何が起きているんだ? 檀さんが半笑いで言う。
「もう茶番は良いんじゃないですか?」
「そうだな。決も採れたことだし、めでたく決定だ」
絶対卑怯なことをしているはずだ。
「檀さんはともかく三人」
語気を強める。三人を順に睨みつけた。
「何があったか説明しなさい」
「えっと、それは……」
采女が結葉を見る。
「何て言うか、ねぇ糸遊ちゃん」
結葉も糸遊に頼る。
「悪者から助けるためであります」
まるで仕組まれていたコントのようだった。
ビシッと敬礼する糸遊の言いたいことがわからない。
「もう、私からネタ晴らししますよ」
「頼む」
亜嵐さんはけらけらと笑った。
「本当に騙すみたいになってごめんね連理ちゃん。実は私と三人はその子にもう会ってるの」
裏で勝手に話を進めていたのか。
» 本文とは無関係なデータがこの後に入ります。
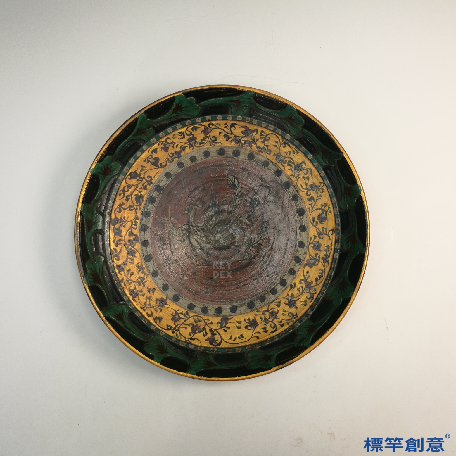 FB125 唐代黑陶金彩繪鳳紋花卉盤
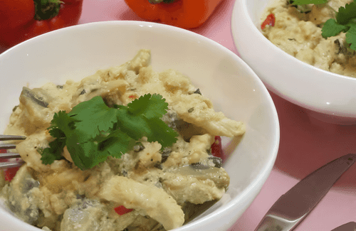 Разогреть растительное масло и на нём обжарить перец в течении 5-6 минут. К обжаренному перцу добавить куриное филе и шампиньоны. Жарить всё вместе 12-15 минут.
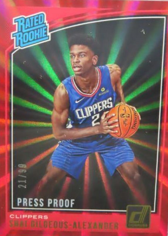 2018-19 Panini Donruss Shai Gilgeous Alexander Red Laser Press Proof Rookie /99

私が忙しかったのだからそこは仕方がない。
「連理ちゃん最近忙しかったでしょ。その時に亜嵐さんが連れてきた子でね」
とある地方でアイドルデビュー間近のモデルの卵、その子がストーカー被害に遭っていたらしい。
しかしその地方でアイドルデビューすると、確実にストーカーに着け狙われる。
こっちで引き取ってあげればストーカーも諦めるだろう。距離をおいて時期をズラせば特定は難しいはず。
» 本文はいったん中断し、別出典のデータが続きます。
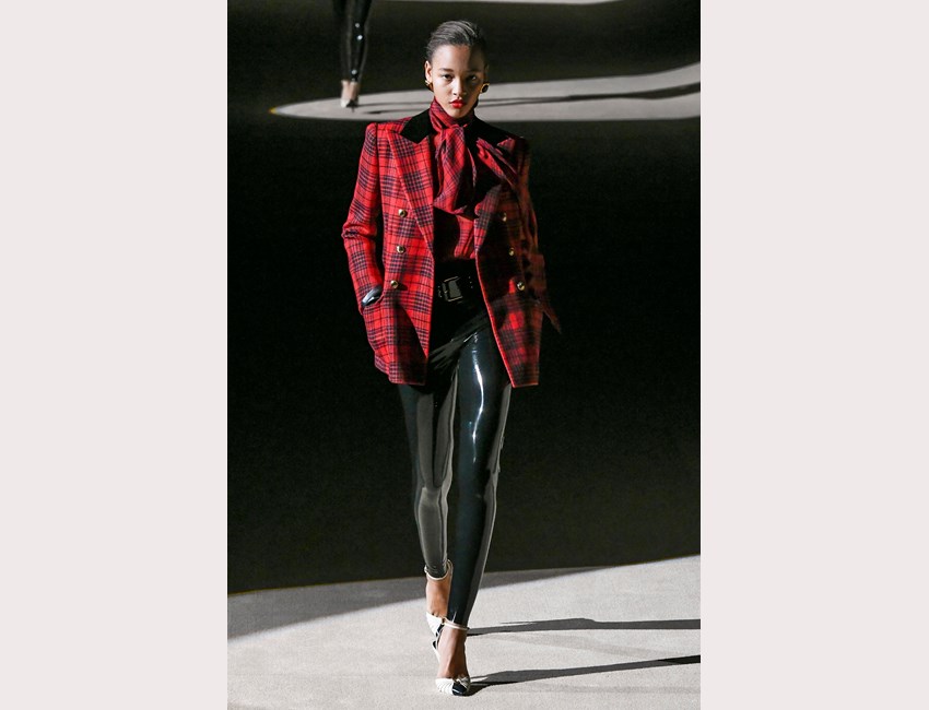 Η πάρτι διάθεση του Vaccarello αυτή τη φορά δεν μεταφράστηκε σε mini dresses αλλά και bodies από δαντέλα, μετάξι και βελούδο, όλα με μια αισθητική που θύμιζε έντονα τα 80s. Το πιο ενδιαφέρον στοιχείο όμως ήταν η έντονη αντίθεση που υπήρχε στα περισσότερα looks. Το πάνω μέρος είχε μια έντονα bourgeois αισθητική και θα ικανοποιούσε πλήρως ακόμα και την πιο συντηρητική γυναίκα, αλλά το κάτω, αντίθετα, με το λάτεξ, ήταν προκλητικά σέξι, τόσο που ακόμα και τα πιο τολμηρά party girls ενδεχομένως να δίσταζαν να το επιλέξουν. Πολλές φορές άλλωστε το skin baring ρούχο είναι λιγότερο προκλητικό από το figure hugging. Έτσι η εμμονή του Vaccarello με τα πόδια αυτή τη φορά μεταφράστηκε σε μια BDSM αισθητική, που εκτός από τα προκλητικά κολάν-παντελόνια, είχε και φορέματα και ζώνες και έντονη λάμψη.

「さすがに絶対とは言えんがな。距離と時間を置けば狙われる確率は下がる」
「睡蓮さんたちの事務所は大手だし、すぐに情報が出ちゃうでしょ。だったら三人を預かって生活を組み立てている連理ちゃん、あなたが適任だと思ったのよ」
亜嵐さんの脅迫めいた信頼と、檀さんの切実な雰囲気の信頼では嬉しさが違う。
いやいや浮かれるな。問題はそこじゃない。
「うちは駆け込み寺ですか」
「アイドルの卵の駆け込み寺か。そりゃいいな」
何笑ってるんだ。こっちは真剣なんだぞ。
「それで事務所盛り上げましょうか」
檀さんも悪乗りする。どうも既定路線から外れそうにない。
「連理ちゃん」
くいくいと結葉に袖を引かれた。
「その子、本当にボロボロで助けてあげたいって思ったの。物凄く疲れてて、その、だめかな」
結葉とは同い年。だからこその共感があったのかもしれない。
言い方は悪いが結葉は救われ、今はすくすくと育っている。
同い年で苦しんでいる子がいるのならば、同じように救われてほしいそうだ。
結葉が言うならとも思うが、現実的にどうなのだろうか?
部屋のことはいい。本人がここにきて住みたいと思ったんなら引っ越さなくていい。
しかし、学校はどうするんだ? 結葉も受験勉強をしているし。そういうシーズンで自由は利くのだろうか?
「時期はいつになるんですか?」
仮定の話だ。そのつもりで亜嵐さんに問いかけた。
「明日だ」
なんてこった。断るどころか迷う時間すらくれないのか。
断るなら三人と檀さんとの関係も絶つくらいの覚悟がいる話だ。交渉とかそういう話ではない。脅迫のようなものだ。
みんながその子に共感してしまっている以上、私に逃げ道はない。
一人で暮らしていた頃が懐かしい。大きくため息をついてしまう。
「はいはい、わかりました。名前もお寺さんっぽいし駆け込み寺いちじくやりまーす」
「ちゃんとやれ」
この人本当に、いつか痛い目を見せてやる。